I'm linking it here so anyone finding this GitHub issue from search will also find that related Stack Overflow question. I recommend you link back to this issue from your Stack Overflow post, for the same reason.

jameslamb · 2024-04-18T22:22:48Z

Oh actually it looks like you posted two separate Stack Overflow posts about this same topic?

https://stackoverflow.com/questions/78347190/is-this-the-correct-way-to-use-cgo-to-call-c-code-via-go

https://stackoverflow.com/questions/78343407/how-to-use-cgo-properly-to-avoid-memory-leaks-working-with-lightgbm-c-api-from

Please don't do this. Spreading the same conversation around so many places, especially without linking between them, means that different people might spend time answering your question in different places, not knowing that others are talking about it somewhere else. That makes it more difficult for others facing the same problem to benefit from the conversation when searching from search engines, and risks wasting the time of some of the people involved.

Since it seems like https://stackoverflow.com/questions/78343407/how-to-use-cgo-properly-to-avoid-memory-leaks-working-with-lightgbm-c-api-from is getting answers, I think you should close https://stackoverflow.com/questions/78347190/is-this-the-correct-way-to-use-cgo-to-call-c-code-via-go and link to that.

alzio2607 · 2024-04-19T06:07:17Z

Hey. Yes I raised the issue on Stackoverflow as well. Since there are very less number of people using Lightgbm who are working on Go, I wanted to get a broader audience to have a better chance at resolving. Although I did go overboard with creating 2 posts. Removed the 2nd one.

alzio2607 · 2024-04-22T16:20:58Z

@jameslamb we deep dived into this and have come to a conclusion that this issue is a result of interaction between the Golang Garbage Collector and the threads created by the C_API.

Here are our findings:

-- First, we wrote a pure cpp script and loaded and released the model via c_api repeatedly. We saw that the RSS was constant throughout the run. We noticed that the process creates as many threads as available on machine.

-- Second, since LightGBM c_api uses Open MP interface to manage threads we fixed the number of threads to 8 by setting the env var OMP_NUM_THREADS. We noticed that the RSS was still stable, and the process created the specified number of threads and did not spawn more threads.

We believe that the c_api keeps a certain amount of buffer with the threads in order to reuse it when required, which is the correct thing to do as a part of optimization.

These 2 experiments ruled out the doubt that the c_api is mismanaging the memory.

-- Third, we loaded the same model via a Golang Script. We forced triggered GC after every cycle of load and release. We also fixed the number of threads for the process to 8 using OMP_NUM_THREADS = 8. This is where things got interesting.
When the GC ran, it transiently zombied out the live threads and c_api had to request a new set of threads from the OS in order to load the model. This led to an increase in the total number of threads of the process.
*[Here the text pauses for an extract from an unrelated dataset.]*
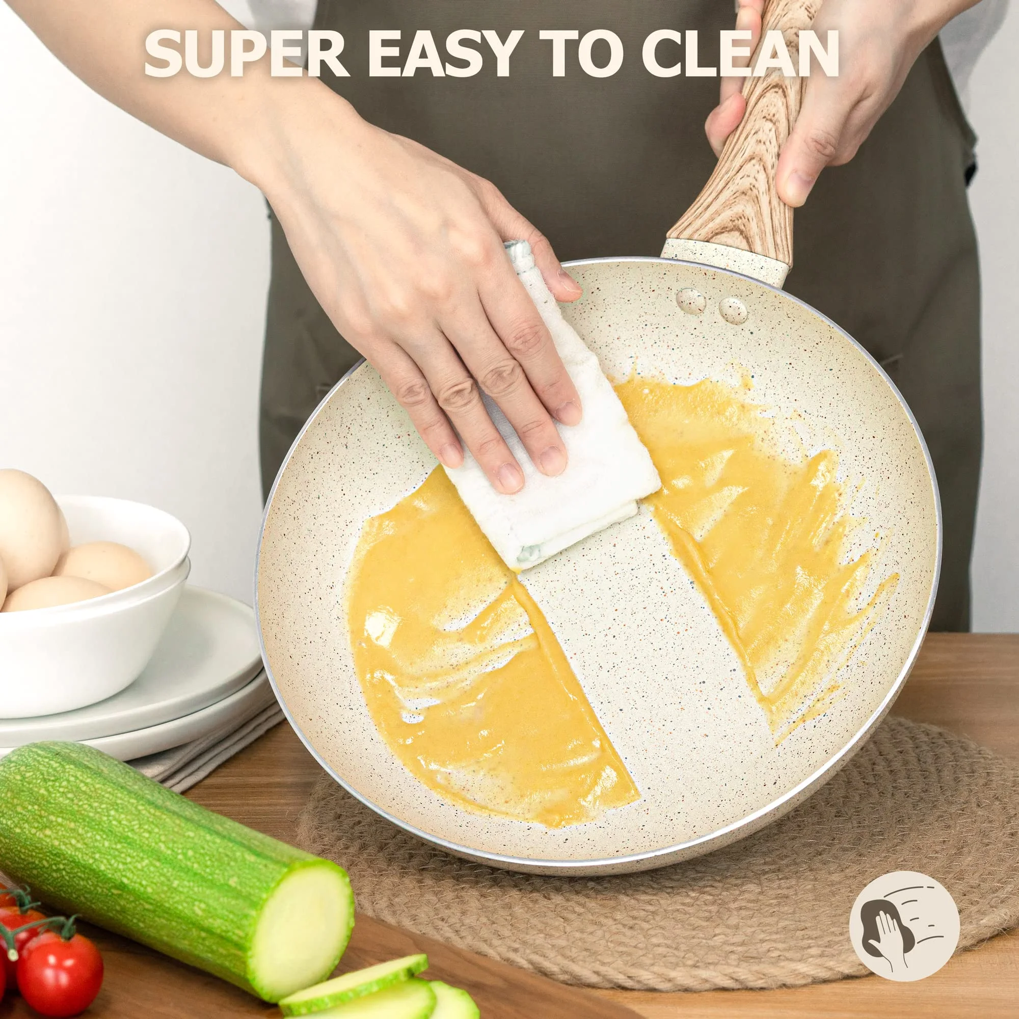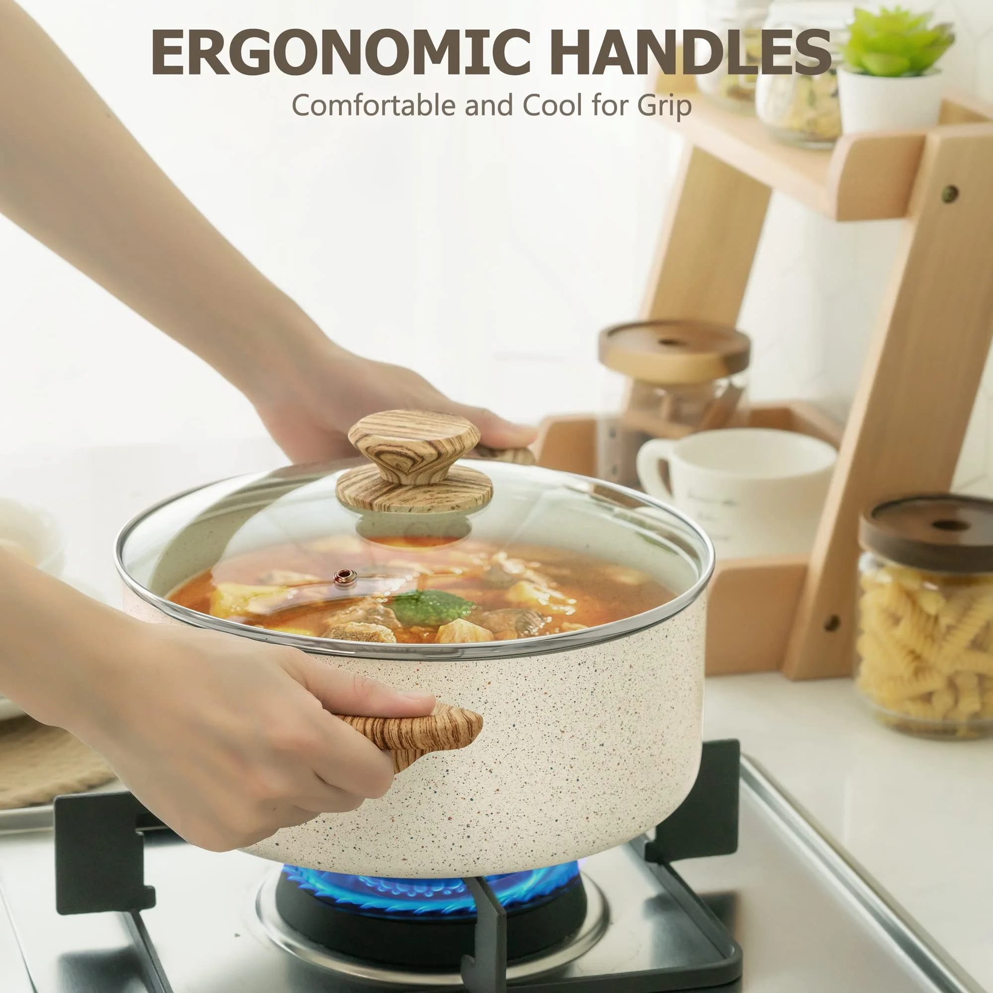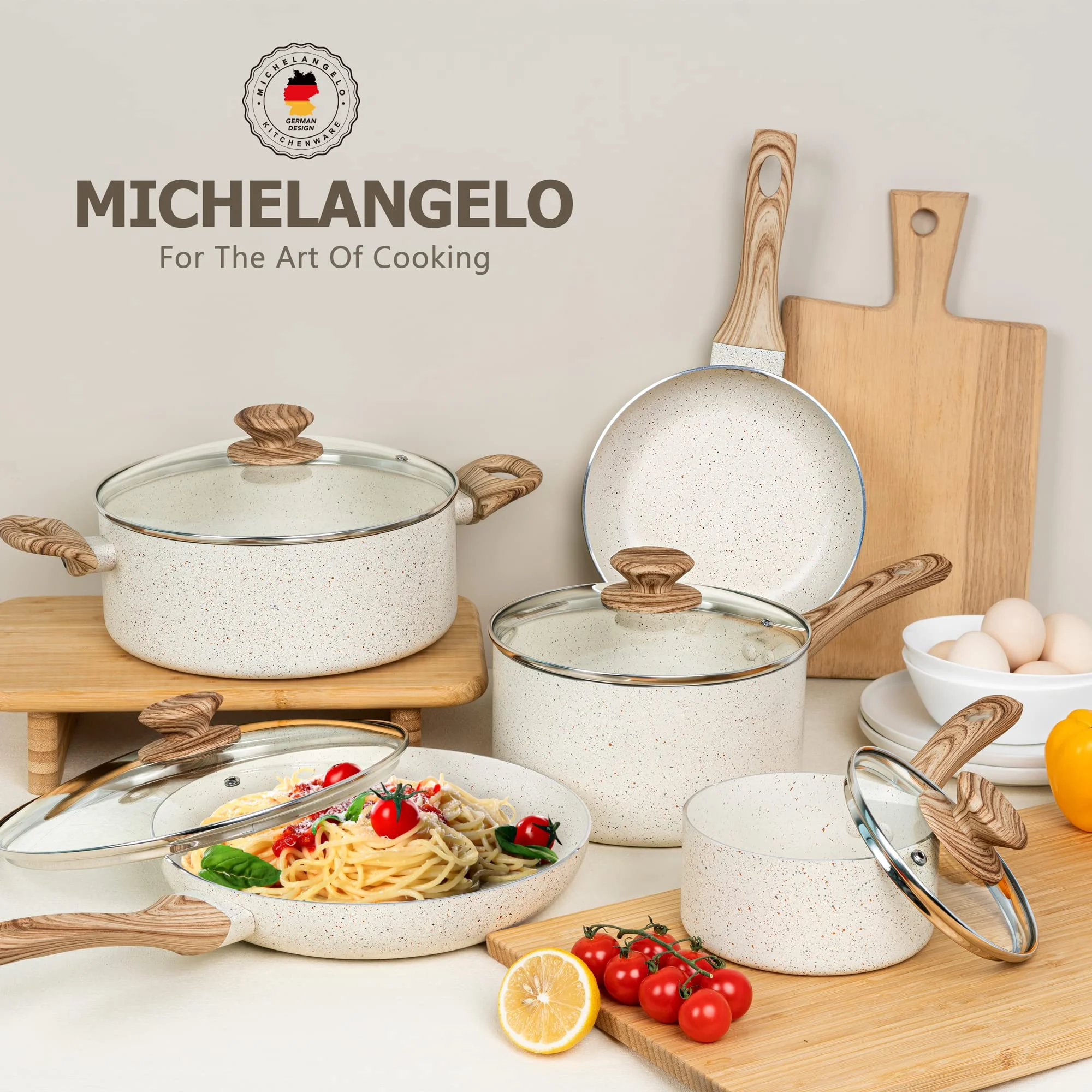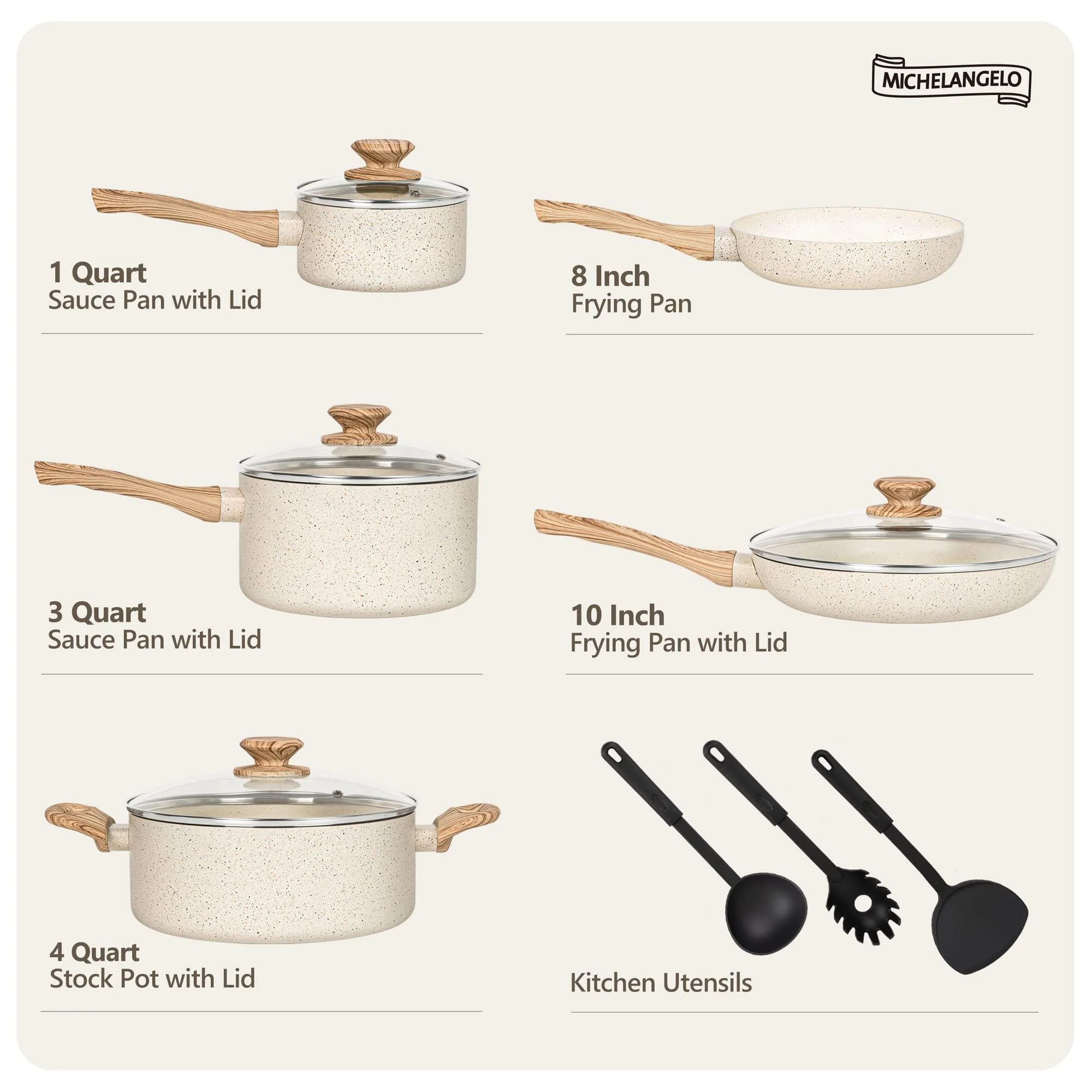 NON-STICK COOKING EXPERIENCE – The white granite coating of this pot set is triple-layered for super non-stick cooking performance and durability. Food slides right off our nonstick cookware for optimum cooking results. Cleaning is a breeze. MEET ALL YOUR DAILY COOKING NEEDS – MICHELANGELO 12-piece cookware sets include 8-inch frying pan, 10-inch frying pan with lid, 1 quart saucepan with lid, 3 quart saucepan with lid, 4 quart stockpot with lid, 1 spatula and 2 spoons. NON TOXIC COOKWARE SET – These white granite pots and pans are made from natural elements that are 100% PFOA, lead and cadmium free, ideal for healthy cooking. Choose these granite cookware for greener and safer cooking! HEATS QUICKLY & EVENLY – The cream pot and pan set features professional grade aluminum alloy which conducts heat quickly and evenly with precise temperature control and no hot spot. VERSATILITY – All of our pots and pans are made with a flat alloy base that allows them to be used on all stovetops including gas, electric, ceramic, glass, etc. Dishwasher safe.

Also worth noting is that whenever the number of threads remain unchanged after a cycle, the RSS is stable as well.

__
The zombied threads still held on to their buffer memory, and hence there was a gradual increase in RSS. From the following image, it's clear that only 8 threads are in use, rest are just holding the memory.

__

-- Fourth, we stopped the force trigger of GC and switched off the automatic GC by setting debug.setgcpercent(-1) in the Golang code. The result was a stable RSS with the Golang code!

Conclusion : The Garbage Collection of Golang is somehow interfering with the thread management of c_api and the c code is losing control over it's threads that have a buffer memory and when zombied, this memory is lost and contributes to RSS.

Let me know, if this issue should still be a part of this repo. I am anyway heading over to the Golang repo to highlight this and find a way to resolve it.

jameslamb · 2024-04-22T16:34:47Z

Wow, interesting!!!

Thank you for this excellent write-up. It'll take me some time to think through it carefully, but I do have one piece of advice to share that might be useful.

You can build LightGBM with OpenMP support completely turned off like this:

cmake -B build -S . -DUSE_OPENMP=OFF
cmake --build build --target _lightgbm

When using LightGBM to generate predictions, OpenMP is helpful for parallelizing over rows in the input data. It's also helpful in parallelizing the work of initially loading the model from a text file.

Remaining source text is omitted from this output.